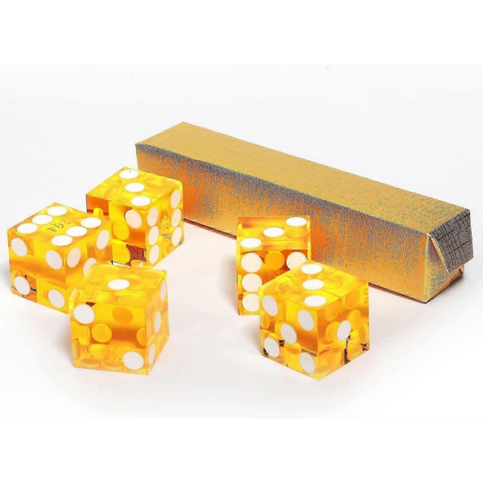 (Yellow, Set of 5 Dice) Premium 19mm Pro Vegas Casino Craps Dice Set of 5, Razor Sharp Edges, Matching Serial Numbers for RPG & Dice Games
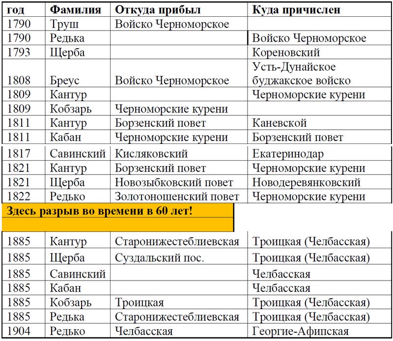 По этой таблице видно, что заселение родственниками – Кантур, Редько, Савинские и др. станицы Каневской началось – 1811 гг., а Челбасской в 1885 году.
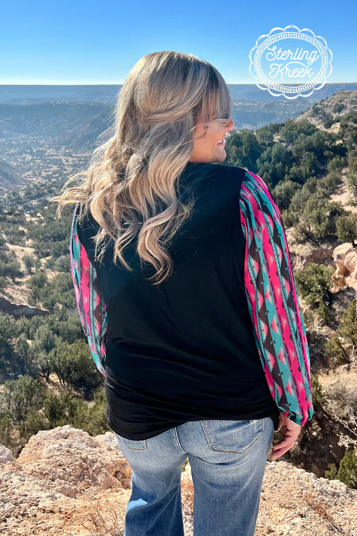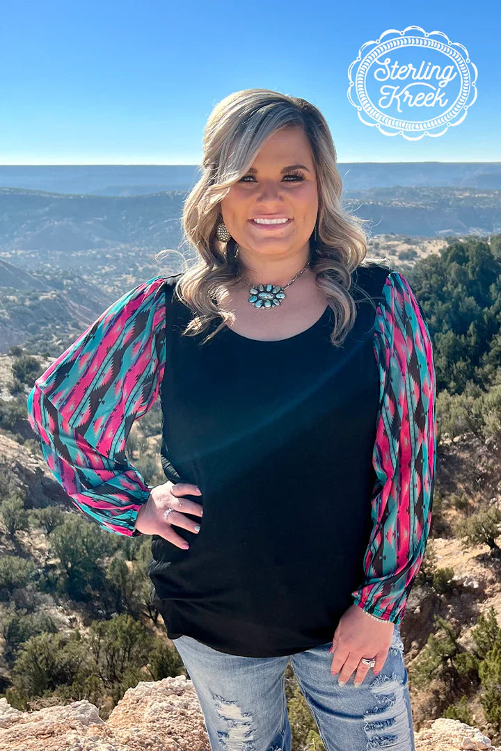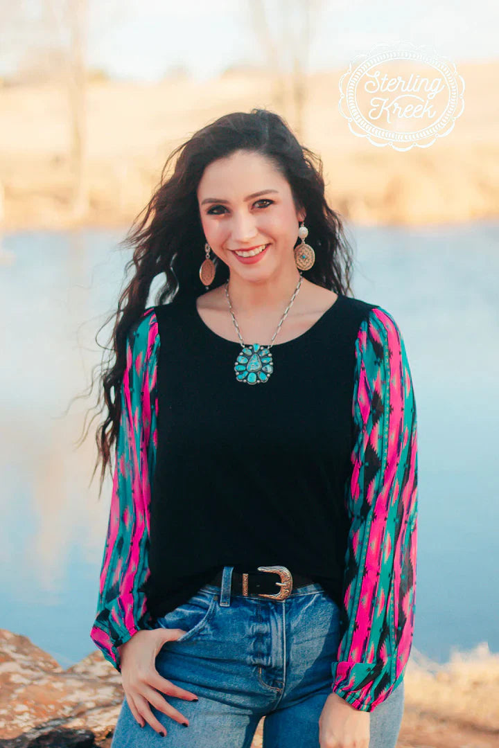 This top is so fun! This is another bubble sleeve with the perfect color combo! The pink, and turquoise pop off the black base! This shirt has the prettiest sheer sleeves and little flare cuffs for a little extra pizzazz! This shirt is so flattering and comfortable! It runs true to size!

◇ ◇ ◇ ◇

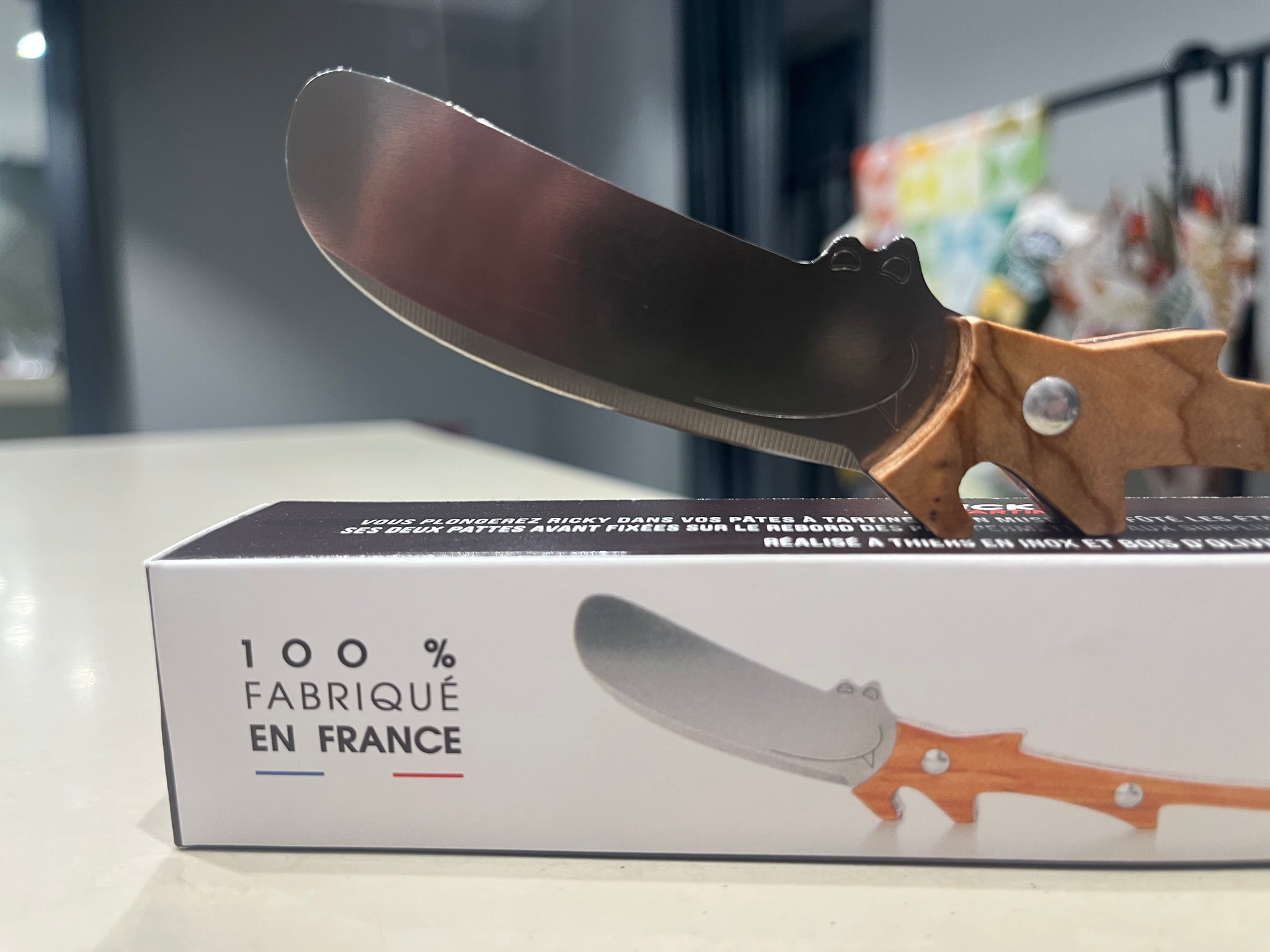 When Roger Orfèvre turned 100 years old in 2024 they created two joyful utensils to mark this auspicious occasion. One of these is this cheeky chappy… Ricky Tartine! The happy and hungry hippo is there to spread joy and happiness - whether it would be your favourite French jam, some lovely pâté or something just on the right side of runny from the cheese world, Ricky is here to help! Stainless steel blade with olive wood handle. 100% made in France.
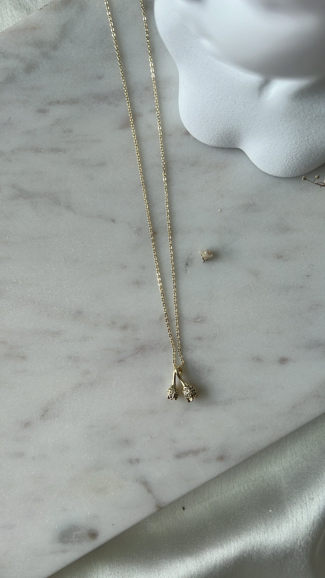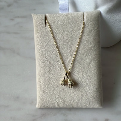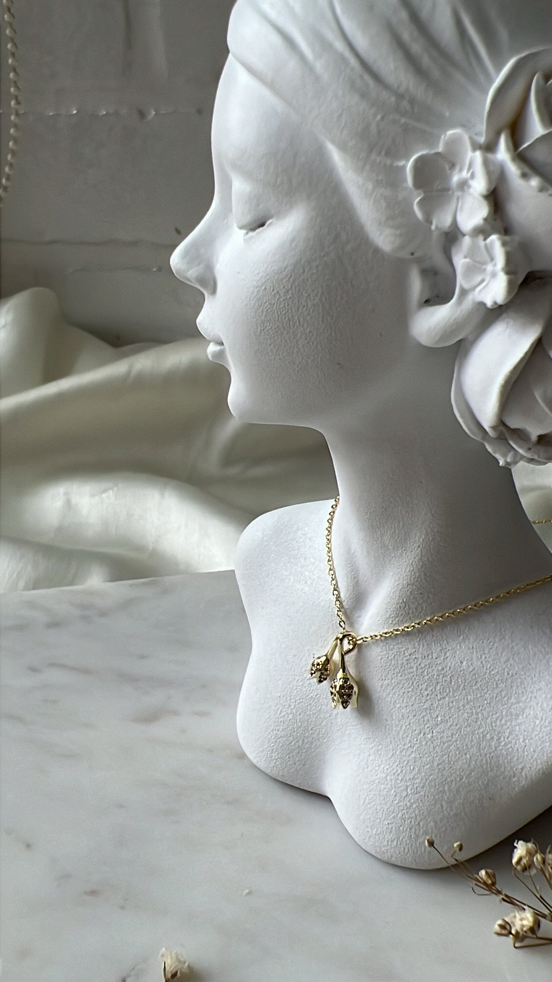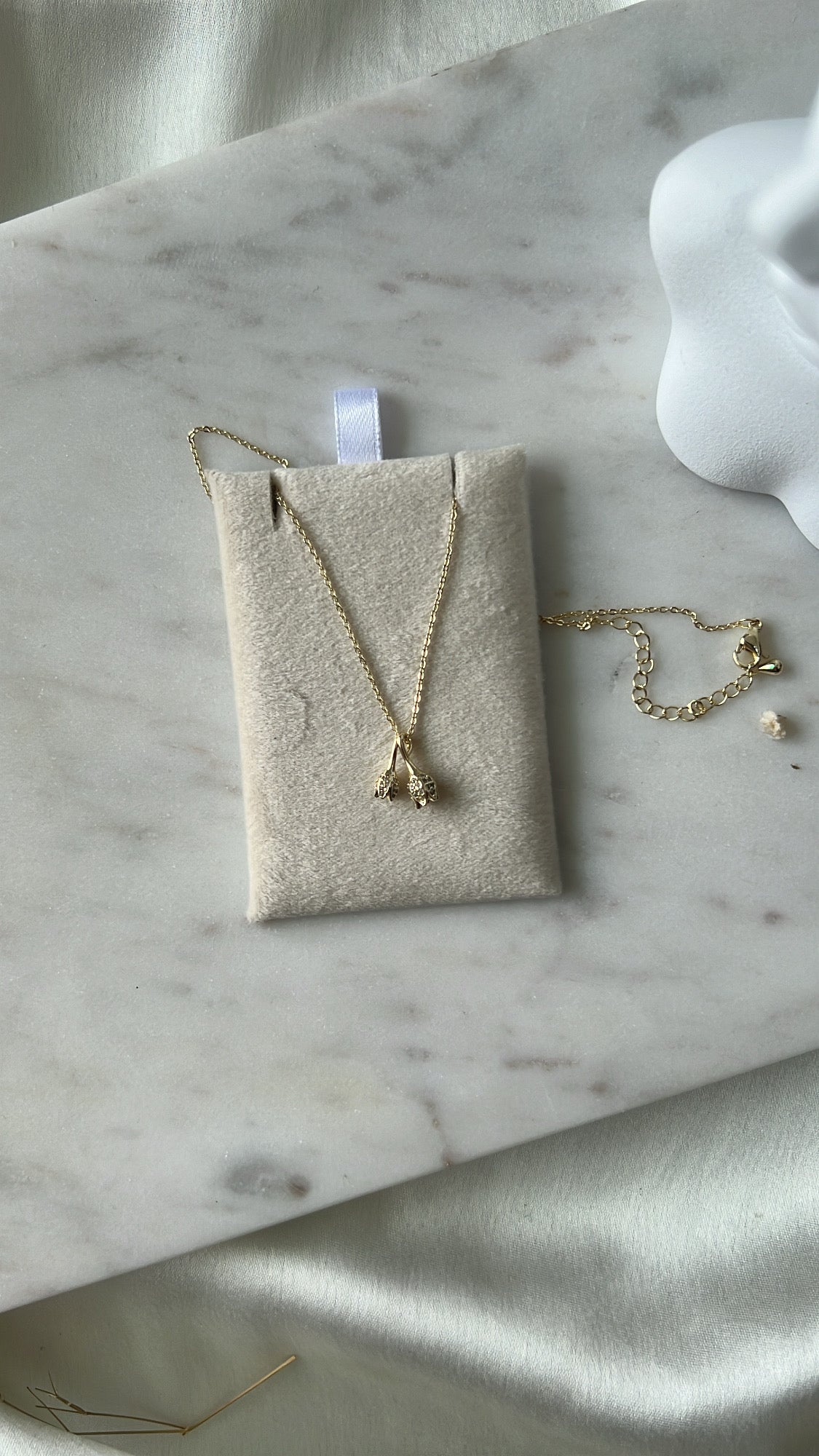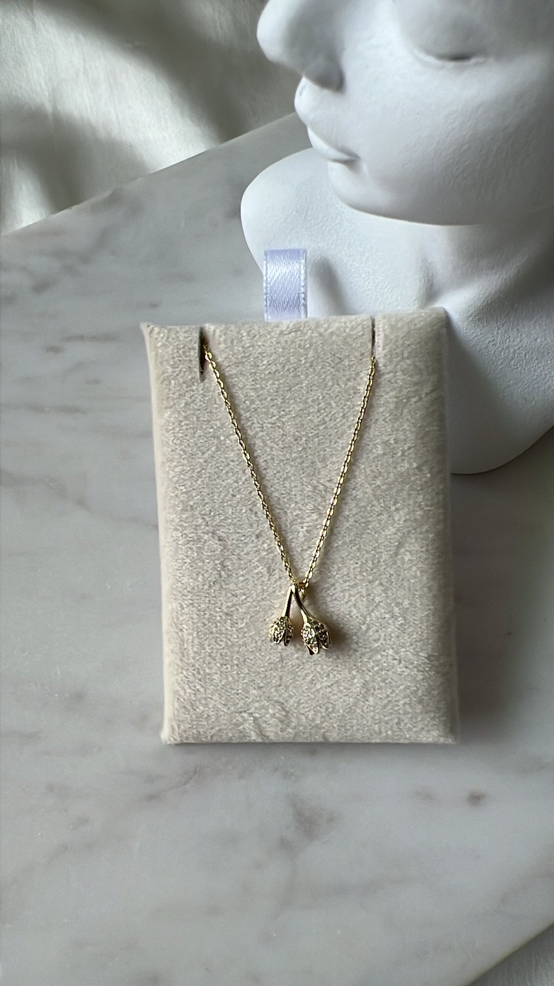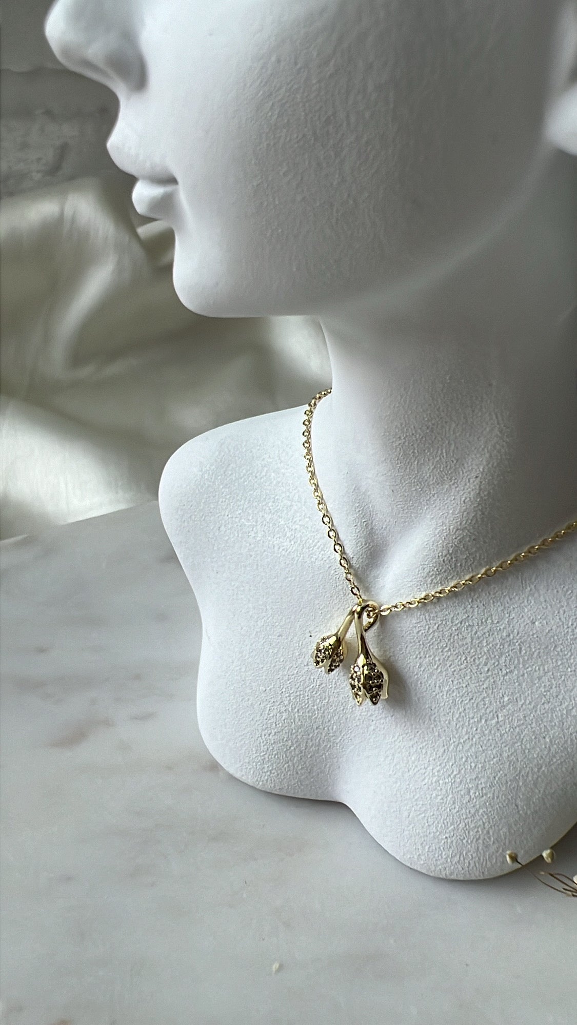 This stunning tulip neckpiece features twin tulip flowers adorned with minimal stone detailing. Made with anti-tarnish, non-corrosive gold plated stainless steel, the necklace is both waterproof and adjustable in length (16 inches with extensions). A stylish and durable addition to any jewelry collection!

◇ ◇ ◇ ◇

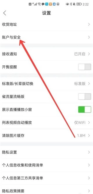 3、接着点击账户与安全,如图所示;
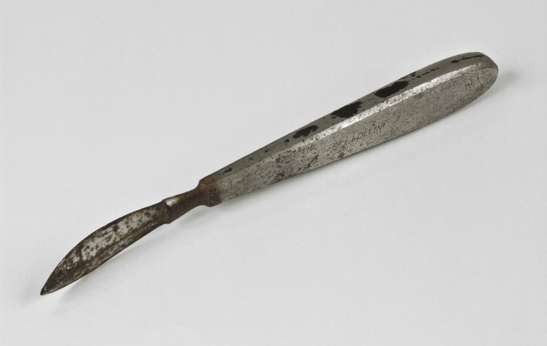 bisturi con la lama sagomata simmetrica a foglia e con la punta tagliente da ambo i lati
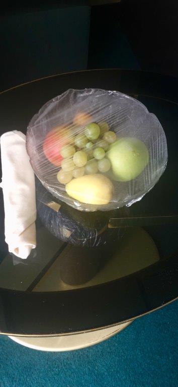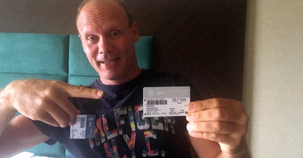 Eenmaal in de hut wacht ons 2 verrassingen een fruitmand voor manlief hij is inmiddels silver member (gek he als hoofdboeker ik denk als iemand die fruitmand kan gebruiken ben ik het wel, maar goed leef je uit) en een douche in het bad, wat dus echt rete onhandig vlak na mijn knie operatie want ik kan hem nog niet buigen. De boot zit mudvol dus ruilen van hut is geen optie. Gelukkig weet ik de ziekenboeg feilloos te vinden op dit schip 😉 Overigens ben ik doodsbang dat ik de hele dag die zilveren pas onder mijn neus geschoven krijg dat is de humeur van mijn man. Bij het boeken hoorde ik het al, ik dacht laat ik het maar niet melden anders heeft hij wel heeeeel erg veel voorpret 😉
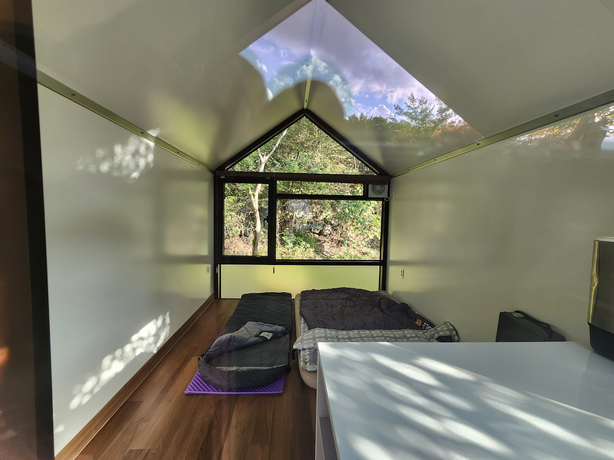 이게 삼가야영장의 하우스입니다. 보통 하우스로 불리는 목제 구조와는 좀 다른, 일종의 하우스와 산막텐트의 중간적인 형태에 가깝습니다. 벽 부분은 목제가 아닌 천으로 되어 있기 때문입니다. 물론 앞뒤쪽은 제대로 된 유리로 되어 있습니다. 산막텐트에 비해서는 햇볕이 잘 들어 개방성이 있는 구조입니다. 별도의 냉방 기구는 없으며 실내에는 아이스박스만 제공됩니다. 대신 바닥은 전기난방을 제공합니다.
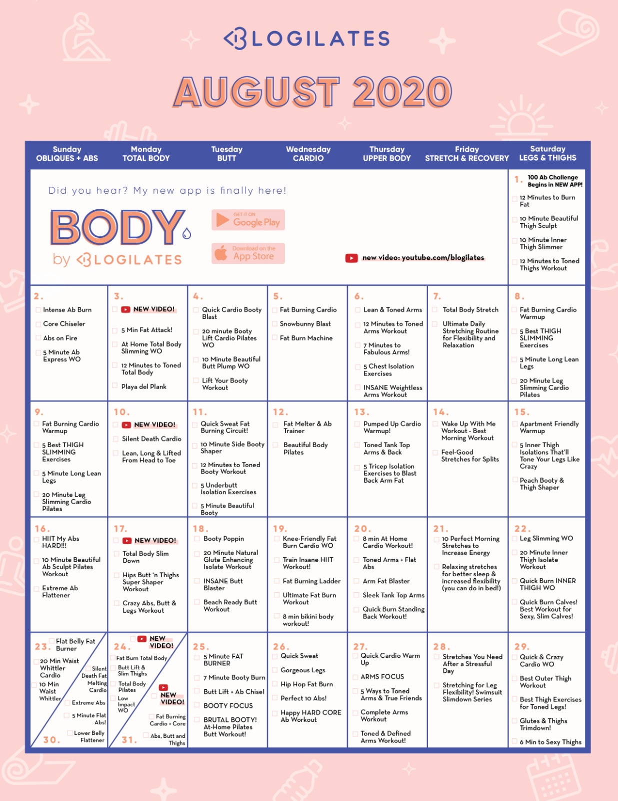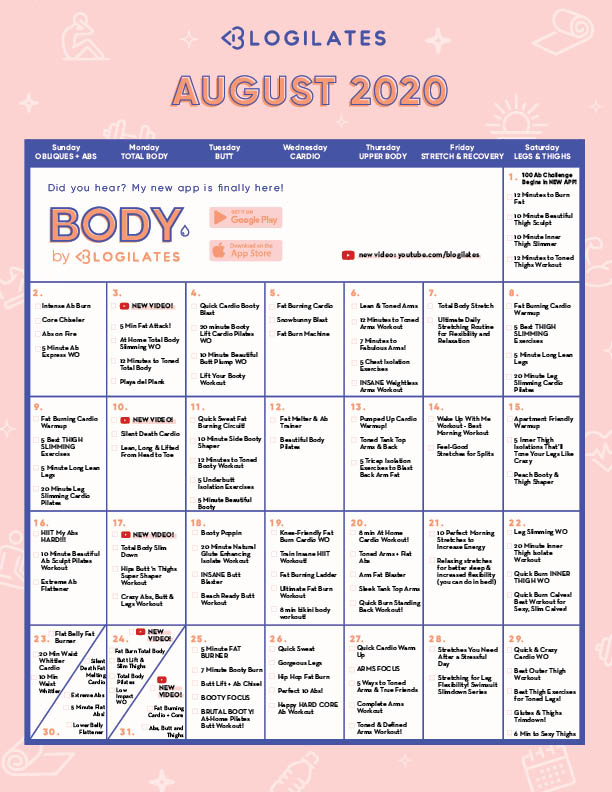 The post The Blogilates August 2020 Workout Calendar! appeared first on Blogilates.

◇ ◇ ◇ ◇

* **Task prompt**
Between and including the line with "3、接着点击账户与安全,如图所示;" and the line with "The post The", repeat every line exactly as it appears above, with pictures left out.

* **Written solution**
 3、接着点击账户与安全,如图所示;
 bisturi con la lama sagomata simmetrica a foglia e con la punta tagliente da ambo i lati
 Eenmaal in de hut wacht ons 2 verrassingen een fruitmand voor manlief hij is inmiddels silver member (gek he als hoofdboeker ik denk als iemand die fruitmand kan gebruiken ben ik het wel, maar goed leef je uit) en een douche in het bad, wat dus echt rete onhandig vlak na mijn knie operatie want ik kan hem nog niet buigen. De boot zit mudvol dus ruilen van hut is geen optie. Gelukkig weet ik de ziekenboeg feilloos te vinden op dit schip 😉 Overigens ben ik doodsbang dat ik de hele dag die zilveren pas onder mijn neus geschoven krijg dat is de humeur van mijn man. Bij het boeken hoorde ik het al, ik dacht laat ik het maar niet melden anders heeft hij wel heeeeel erg veel voorpret 😉
 이게 삼가야영장의 하우스입니다. 보통 하우스로 불리는 목제 구조와는 좀 다른, 일종의 하우스와 산막텐트의 중간적인 형태에 가깝습니다. 벽 부분은 목제가 아닌 천으로 되어 있기 때문입니다. 물론 앞뒤쪽은 제대로 된 유리로 되어 있습니다. 산막텐트에 비해서는 햇볕이 잘 들어 개방성이 있는 구조입니다. 별도의 냉방 기구는 없으며 실내에는 아이스박스만 제공됩니다. 대신 바닥은 전기난방을 제공합니다.
 The post The Blogilates August 2020 Workout Calendar! appeared first on Blogilates.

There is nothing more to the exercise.